___ Records for this exercise ___
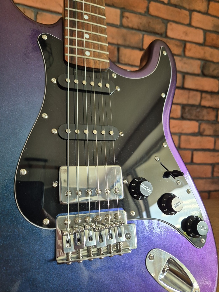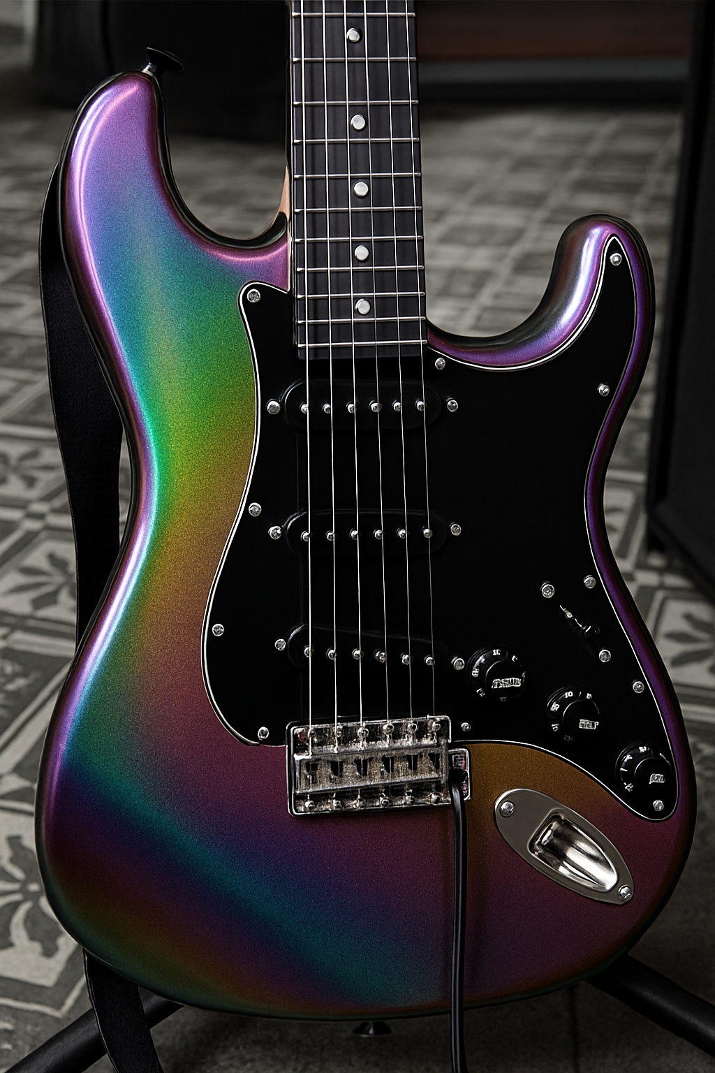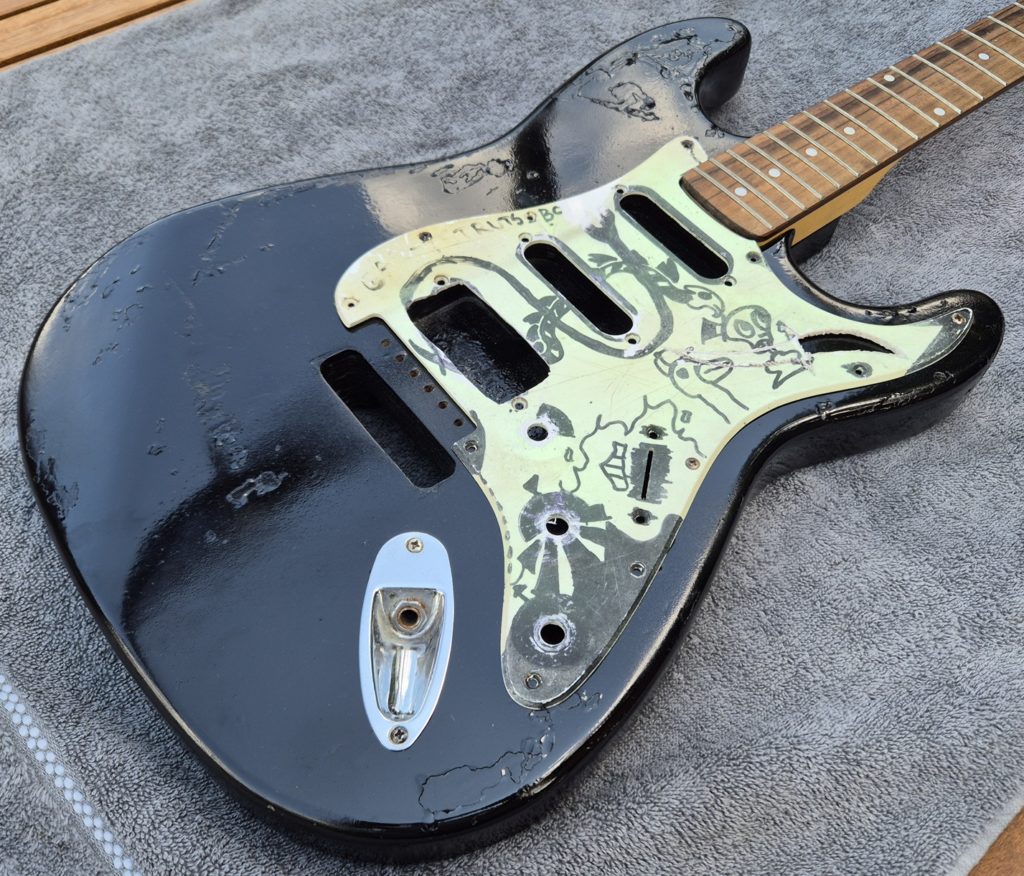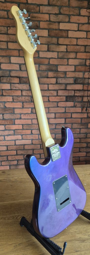 Na początku myślałem o połączeniu żótego korpusu z czarnym pickguardem. Ale szukałem dalej inspiracji i natrafiłem na ciekawy efekt lakieru typu kameleon. Mamy kolejny rok ze sztuczna inteligencją, więc poprosiłem ją o pomoc w wygenerowaniu wizualizacji gitary w takim kolorze. Efekty pokażę na końcu. Tym razem na warsztat trafił stratocaster z olx. Gitara wyposażona w korpus, gryf, klucze i coś co miało przypominać pickguard. Sprzedający zachwalał porządny materiał korpusu, dobry stan gryfu. Był niesłychanie dumny, że dla poprzedniego właściciela „postarzył” gitarę. Co wiązało się po prostu ze zniszczeniem warstwy lakieru na korpusie. Pozostawiam to do oceny każdego z osobna. Wygłądało to tak:
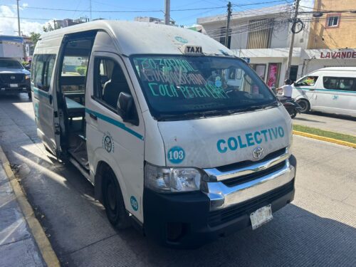 PLAYA DEL CARMEN, Quintana Roo, 8 de diciembre de 2025.– Una mujer que viajaba en una combi del transporte público resultó lesionada en los brazos y en la cabeza luego de que la unidad chocara contra una camioneta estacionada en la colonia Centro.
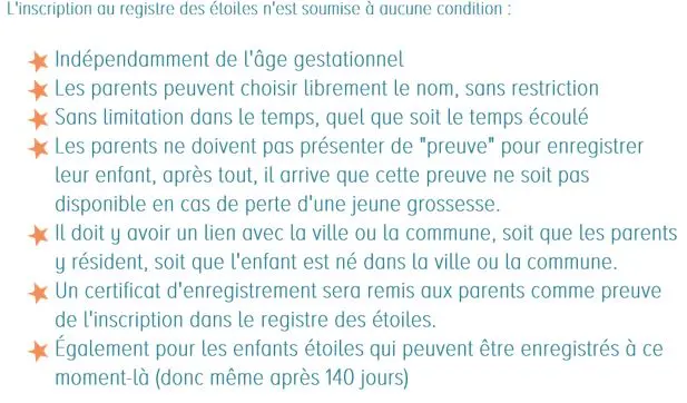 Le registre des étoiles est un registre qui permet d’enregistrer symboliquement l’existence de nos précieuses étoiles auprès des instances locales, là où, en Belgique, légalement, c’est encore chose impossible puisque c' est entre autres lié à un âge gestationnel. Près de la moitié de la Wallonie s’est dotée d’un registre des étoiles symbolique. Aujourd’hui, déjà 152 villes et communes wallonnes se sont d’ores et déjà engagées à ouvrir ce registre.
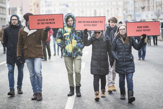 Екатерина идет с правой стороны колонны, она пришла на марш с приятелем. «С тех пор как Немцова убили, я получила неформальный абонемент на подобные митинги, — рассказывает она. — Мы с Немцовым одногодки, он был нашим человеком, борцом. Мой долг — поддержать его дело хотя бы тем, что прийти на этот марш и показать властям, что идеи Немцова живы среди нас даже сейчас».
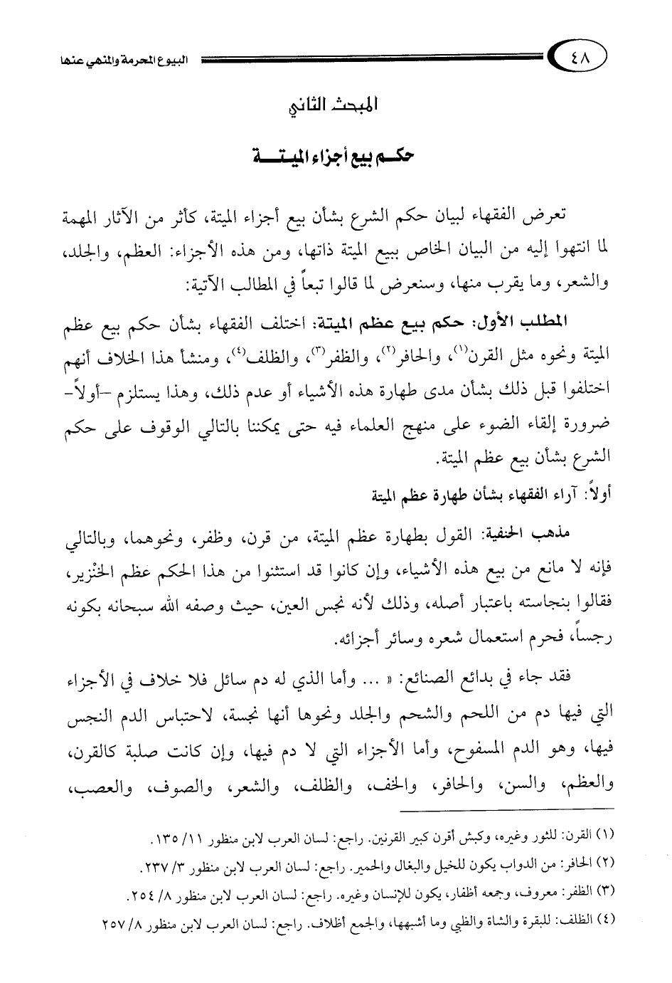 اختلف الفقهاء بشأن حكم بيع عظم الميتة ونحوه مثل القرن1، والحافر2، والظفر3، والظلف4، ومنشأ هذا الخلاف أنهم اختلفوا قبل ذلك بشأن مدى طهارة هذه الأشياء أو عدم ذلك، وهذا يستلزم -أولاً- ضرورة إلقاء الضوء على منهج العلماء فيه حتى يمكننا بالتالي الوقوف على حكم الشرع بشأن بيع عظم الميتة.
___
## The problem:
Once the line containing "Le registre des" is found in the records above, it and every line after it up to the last must be repeated exactly, without pictures.

## Problem solution:
 Le registre des étoiles est un registre qui permet d’enregistrer symboliquement l’existence de nos précieuses étoiles auprès des instances locales, là où, en Belgique, légalement, c’est encore chose impossible puisque c' est entre autres lié à un âge gestationnel. Près de la moitié de la Wallonie s’est dotée d’un registre des étoiles symbolique. Aujourd’hui, déjà 152 villes et communes wallonnes se sont d’ores et déjà engagées à ouvrir ce registre.
 Екатерина идет с правой стороны колонны, она пришла на марш с приятелем. «С тех пор как Немцова убили, я получила неформальный абонемент на подобные митинги, — рассказывает она. — Мы с Немцовым одногодки, он был нашим человеком, борцом. Мой долг — поддержать его дело хотя бы тем, что прийти на этот марш и показать властям, что идеи Немцова живы среди нас даже сейчас».
 اختلف الفقهاء بشأن حكم بيع عظم الميتة ونحوه مثل القرن1، والحافر2، والظفر3، والظلف4، ومنشأ هذا الخلاف أنهم اختلفوا قبل ذلك بشأن مدى طهارة هذه الأشياء أو عدم ذلك، وهذا يستلزم -أولاً- ضرورة إلقاء الضوء على منهج العلماء فيه حتى يمكننا بالتالي الوقوف على حكم الشرع بشأن بيع عظم الميتة.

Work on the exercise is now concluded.